Harry, for all that aggravation you could have rented a grinder from HD for $40 and had it done in an hour or so I bet. It really comes down to what you feel your time is worth.


----------



## Cedarkerf

A d-5 cat will take it out and then you can grade the yard flush.:spam:


----------



## Husky137

Just use a poulan, that's where the wildthing shines!


----------



## turnkey4099

Husky137 said:


> Just use a poulan, that's where the wildthing shines!



Excellent! And when you are done you even have the hole to put it in.

Harry K


----------



## rb_in_va

turnkey4099 said:


> Excellent! And when you are done you even have the hole to put it in.
> 
> Harry K



   

Good one Harry!


----------



## tawilson

Having to remove a stump is the excuse I used to buy a backhoe.


----------



## JayD

*Stump Removal/flush cut*

Hi,
The very fact you had to ask how to go about to flush cut a stump suggests to me you should engage the services of trained,insured operator, both with your saw and stumpgrinding..this type of thing presents simple enough,but to some one without training there are definitely dangers lurking in the sub soil directly under the stump to be worked on if you are unlucky, now please do not take this as a putdown as it is not my intention to do so, it's just the fact you had to ask for instruction.


----------



## kevinj

046 said:


> dig a trench all the way around stump. then carefully clean dirt off bark.
> 
> use a bar that is barely long enough, so as to not stick into dirt on other side.
> 
> this will allow you to cut flush or slightly below ground. prepare to rock your chain. so have a spare or two.



Good idea !! Why pay for something, when you can do it yourself ?
Especially if you have many to flush cut.
Myself, I have one older saw just for this reason.
It requires more cleaning of the entire saw,
but I also had many trees to flush cut.
After a few years you may notice a ring of mushrooms
several feet from the trunk.

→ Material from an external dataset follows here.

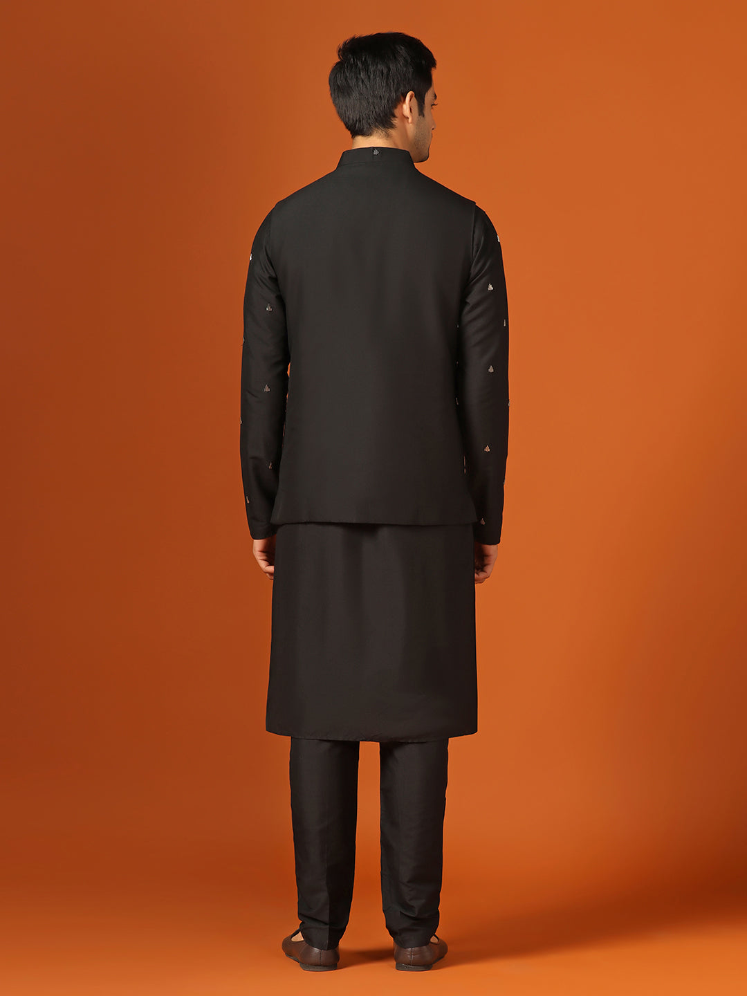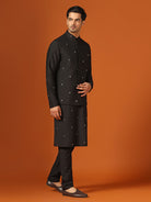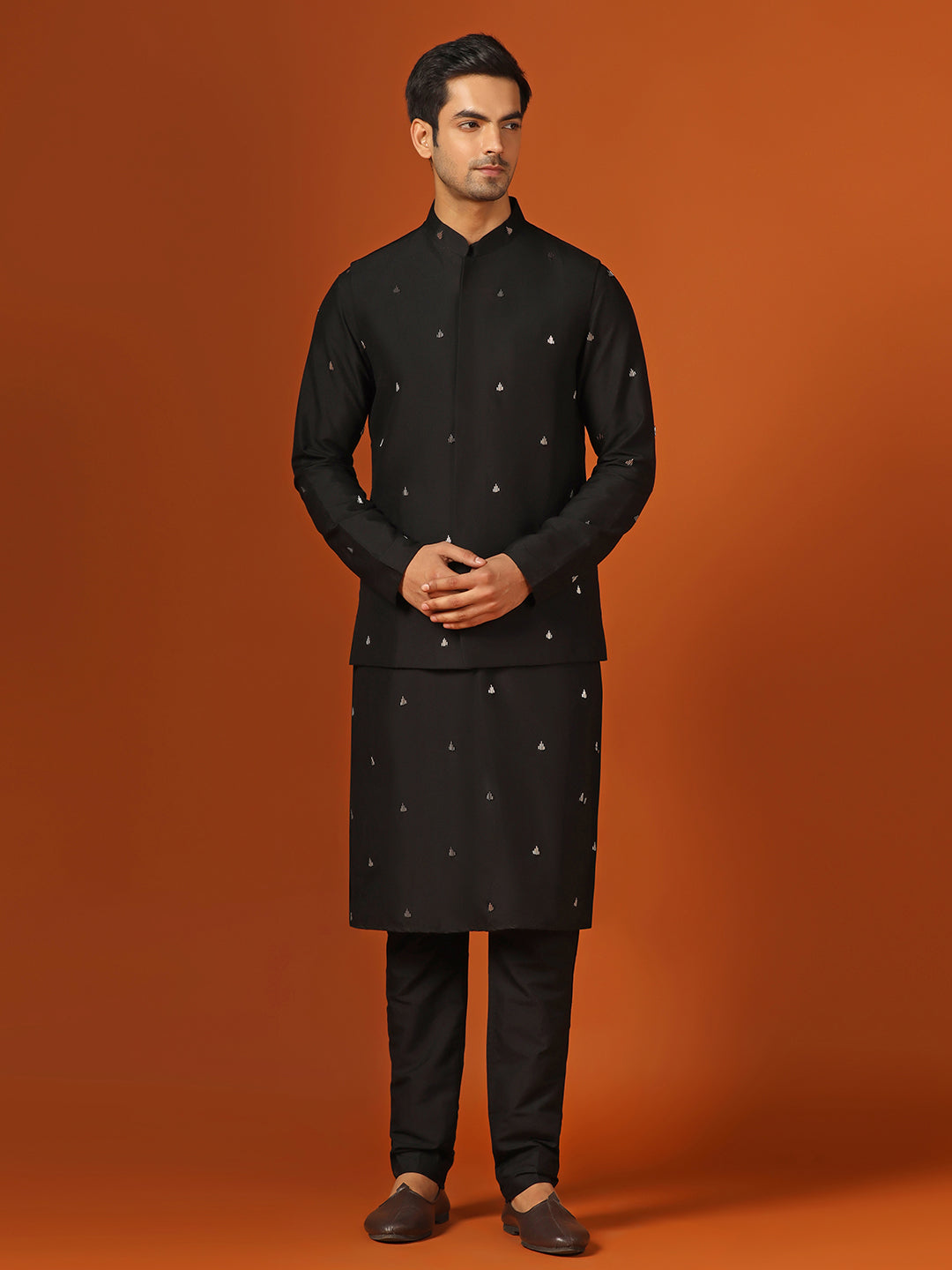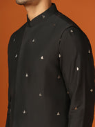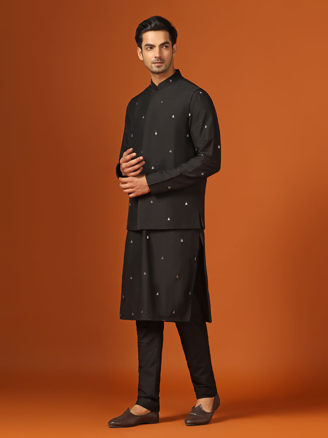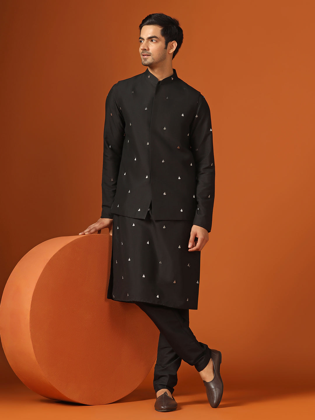 Stay stylish and warm with this men's Kurta Jacket Set. This classic design is made from Cotton Blend fabric with Embridary Pattern and comes in Black colours. Perfect for any occasion..

This is known as a fairy ring.
Caused by decomposition of roots.
Also, some stumps may need to be treated to prevent water spouts.
AKA suckers.


----------



## turnkey4099

Well, my stupid offer to remove a stump for the guy worked out okay. Went down today to do the nasty and found that he had finished cutting it free with ax and handsaw. Left it laying in the hole. Crawled down in and rolled it up the side and out. Must have gone at least 200 pounds. Later he called and asked if I was the one who got it out. Yep. He said he was surprised as he hadn't been able to lift it. Gave him the advice "never lift something you can move some other way". Guess I will put the Husky 51 on the bench tomorrow for a good clean-up - already resharped the chain but probably not very well. Will find out on my first cutting expedition and have a new loop for changeout if needed.

Harry K


----------